The retreats provided a place where God could heal their marriage and family life in ways they never thought possible, he said. The Darwents said the retreats have helped them experience the support of other Catholic families. “We are not alone in this journey of holiness,” he said.

Keynote speakers Rita and Gerard McCarthy, founders of the St. John’s, Nfld.-based Marriages for Mary apostolate, spoke on God’s divine plan for marriage and on families’ mission to love.

So many confuse love with a feeling, on “what you are getting, not what we’re giving,” said Rita. Jesus calls us to love one another “as I have loved you.”

The McCarthys said they have tried to intentionally live out unconditional, merciful and sacrificial love in their marriage.

“Mercy is critical in marriage, day in and day out,” she said. “Family life offers so many opportunities for mercy.”

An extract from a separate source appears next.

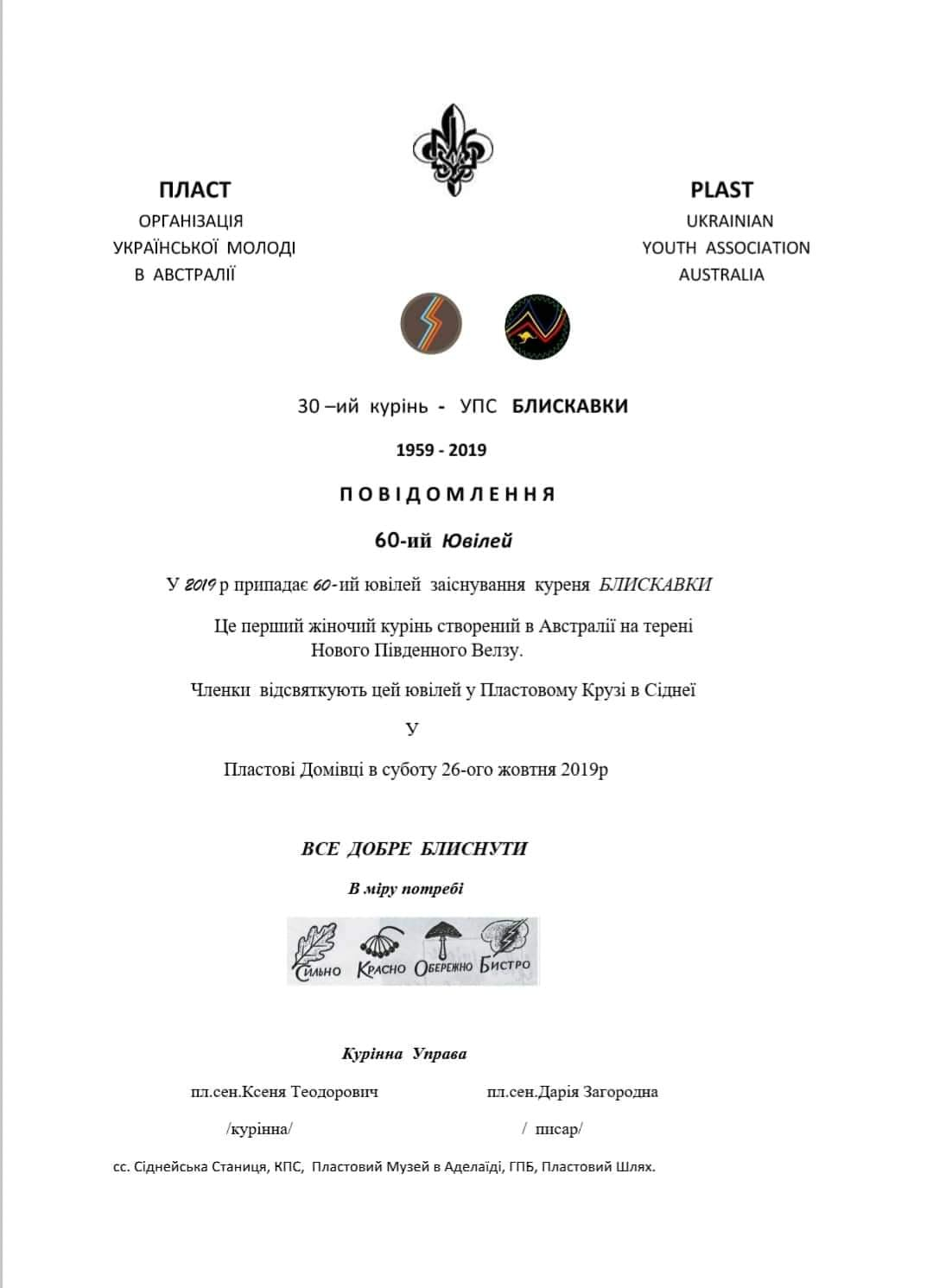 "Куреню «Блискавки» виповнюється 60 років. Він виник в Австралії у 1959 році. Курені - це об’єднання людей за інтересами. Кожен курінь має свою спеціалізацію. Наш курінь «Блискавки» займається благодійністю. А все починалося так: у 1950 р. пластунки, які прибули з Німеччини до Австралії, почали знайомитись між собою, знаходити нові контакти й внаслідок цього дівчата започаткували юнацький гурток «Блискавки». У 1959 р. юначки з гуртків «Кобри», «Калина» та «Блискавки» вирішили об'єднатися та створити курінь. Назву обрали «Блискавки» - вона віддзеркалювала характер дівчат," - розповіла Віта Дідик, референт медіа станиці Івано-Франківськ.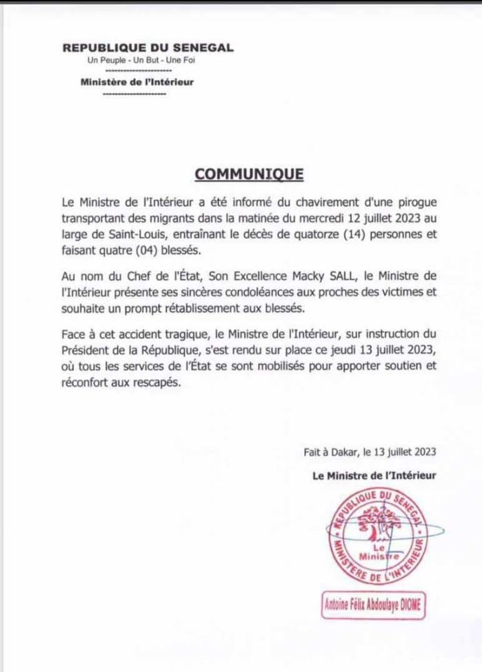 «Le Ministre de l'Intérieur a été informé du chavirement d'une pirogue transportant des migrants dans la matinée du mercredi 12 juillet 2023 au large de Saint-Louis, entraînant le décès de quatorze (14) personnes et faisant quatre (04) blessés», lit-on dans le texte de Antoine Félix Diome, qui présente ses condoléances aux familles des victimes.

“We must never give up on one another,” said Gerard.

The message of, “No matter what, we are together,” sends a message of the indissolubility of marriage, he said.

As for sacrificial love, to follow Jesus’ example, “we literally have to love each other to the point of death, letting go of our own agendas to love sacrificially,” Rita said. “Letting go of our own agendas to love sacrificially, being intentional on this is really hard.”

Gerard recalled a weekend where he had promised Rita a walk around the lake and lunch out. Then, however, he got a call from his brother-in-law, asking if he would like to join him in moose hunting that weekend.

“You’re joking, right?” when Gerard told his brother-in-law why he could not go. “I did not go. I was present with my wife on that day.”

Rita said she was elated that day. “I am more important than a moose!”

Gerard added, “The byes (boys) did not get a moose that day.”